Set out exactly every line of the entries below, starting at the line that holds "Matkasänky verkkoreunoilla. Sängyssä" and stopping after the line that holds "レンズ部分の周りをクレヨンで塗っていきます🖍️".

Information provided
###

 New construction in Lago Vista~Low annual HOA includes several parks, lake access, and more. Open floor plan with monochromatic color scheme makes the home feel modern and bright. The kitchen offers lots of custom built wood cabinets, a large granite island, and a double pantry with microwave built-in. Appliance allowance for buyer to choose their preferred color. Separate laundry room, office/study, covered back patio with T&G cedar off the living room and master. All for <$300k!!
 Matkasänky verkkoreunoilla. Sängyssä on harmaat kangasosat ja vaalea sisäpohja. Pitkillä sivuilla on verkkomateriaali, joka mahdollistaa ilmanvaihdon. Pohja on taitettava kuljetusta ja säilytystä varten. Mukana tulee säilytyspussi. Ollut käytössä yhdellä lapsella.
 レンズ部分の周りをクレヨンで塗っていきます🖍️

###

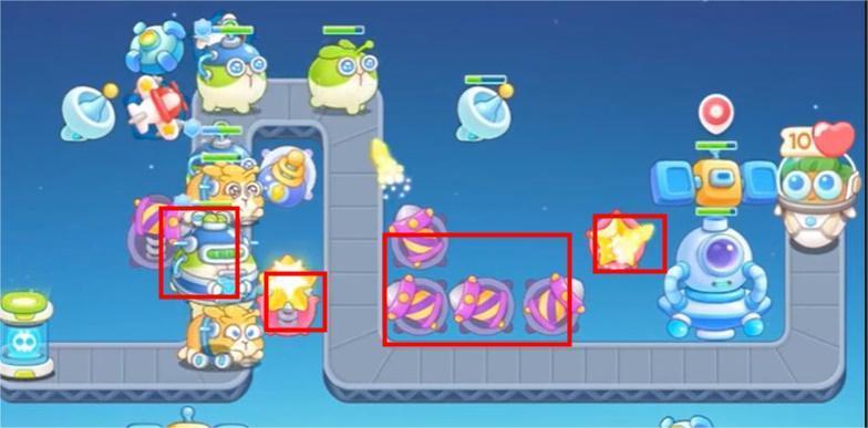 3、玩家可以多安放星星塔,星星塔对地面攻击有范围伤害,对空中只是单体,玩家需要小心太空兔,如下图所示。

###

Exercise output
 Matkasänky verkkoreunoilla. Sängyssä on harmaat kangasosat ja vaalea sisäpohja. Pitkillä sivuilla on verkkomateriaali, joka mahdollistaa ilmanvaihdon. Pohja on taitettava kuljetusta ja säilytystä varten. Mukana tulee säilytyspussi. Ollut käytössä yhdellä lapsella.
 レンズ部分の周りをクレヨンで塗っていきます🖍️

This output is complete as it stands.